The control OA imaging at 1064 nm (the wavelength absorbed by water, but not by the injected GNRs) unexpectedly showed similar, but time-shifted trends [Fig. 6(b)] compared to the 765-nm wavelength imaging [Fig. 6(a)], corresponding to the peak absorption of PEG-GNR complexes. Our primary hypothesis for the enhanced OA tissue contrast appearing at 1064 nm is that the presence of GNRs within the blood causes them to aggregate and mimic GNRs with larger aspect ratios, resulting in the infrared shift and smearing of their optical absorption peak toward 1064 nm. That phenomenon was observed in our experiment on incubation of GNRs with whole blood (Fig. 7).
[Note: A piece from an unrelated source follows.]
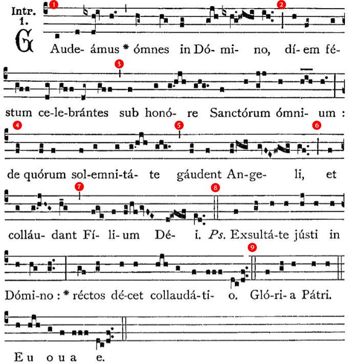 Gaudeamus omnes in Domino, diem festum celebrantes sub honore Sanctorum omnium : de quorum solemnitate gaudent angeli, et collaudant Filium Dei. Exsultate iusti in Domino, rectos decet collaudatio.

Similar effects were also previously shown when gold nanoparticles were endocytosed by the cancer cells.14

Other possible explanations of the dynamics within control OA images could be dealing with the injection of GNRs that alter the osmotic balance, increasing the water content in certain regions, and low-level laser therapy (LLLT) caused by multiple laser applications and manifested in an increase of blood oxygenation. The water absorption coefficient is 0.03  cm1 at 765 nm and increases about 5 times at 1064 nm,51 making OA imaging at 1064 nm sensitive to local changes of the water content. The oxyhemoglobin at 1064 nm also has the extinction coefficient 5 to 7 times bigger than the deoxyhemoglobin.52 One work50 demonstrated the effects of the particle diameter on targeting the mesangium of the kidney. Because it is a part of the basement membrane surrounding the glomerular capillaries, the accumulation of nanoparticles in that region can influence the processes of sorption and reabsorption of water.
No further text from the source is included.